Requirement:
Copy the data precisely, character for character, and leave out every picture.

Information shown:

= = = =

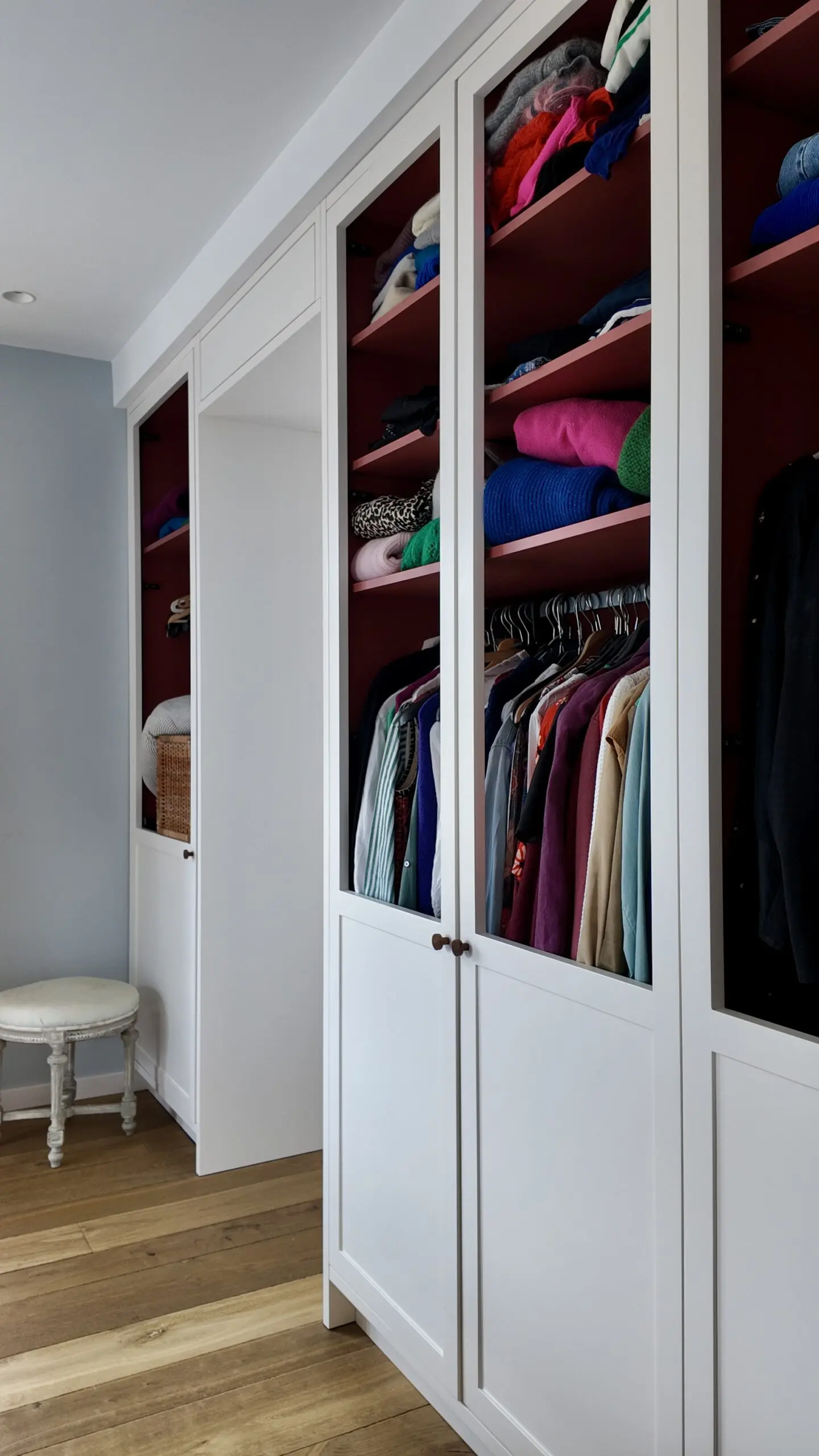 Cet aménagement des combles illustre le savoir-faire technique de Lacroix Intérieur, capable d’intégrer du mobilier personnalisé dans des volumes complexes, tout en respectant l’architecture existante.
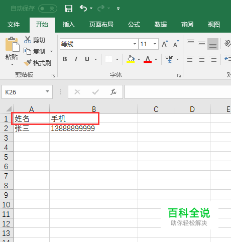 首先用Excel新建一个工资表,并在第一行输入“姓名”、“电话”等标注类别的类名。一般常见的有姓名、手机、座机等类别名称,至少要有姓名、电话这两列。
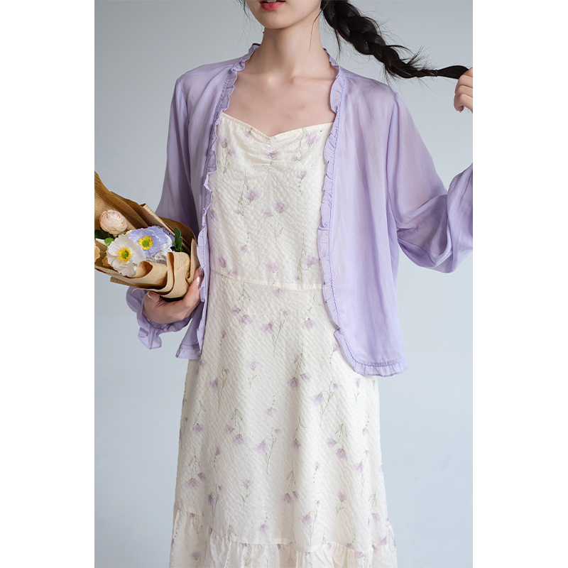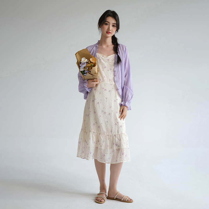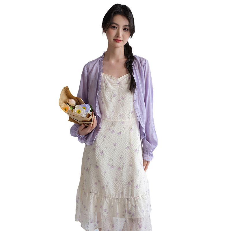 女装 外搭开衫 法式 胖mm夏新款 两件套 度假吊带连衣裙套装 蓝若水大码

= = = =

Written response:
 Cet aménagement des combles illustre le savoir-faire technique de Lacroix Intérieur, capable d’intégrer du mobilier personnalisé dans des volumes complexes, tout en respectant l’architecture existante.
 首先用Excel新建一个工资表,并在第一行输入“姓名”、“电话”等标注类别的类名。一般常见的有姓名、手机、座机等类别名称,至少要有姓名、电话这两列。
 女装 外搭开衫 法式 胖mm夏新款 两件套 度假吊带连衣裙套装 蓝若水大码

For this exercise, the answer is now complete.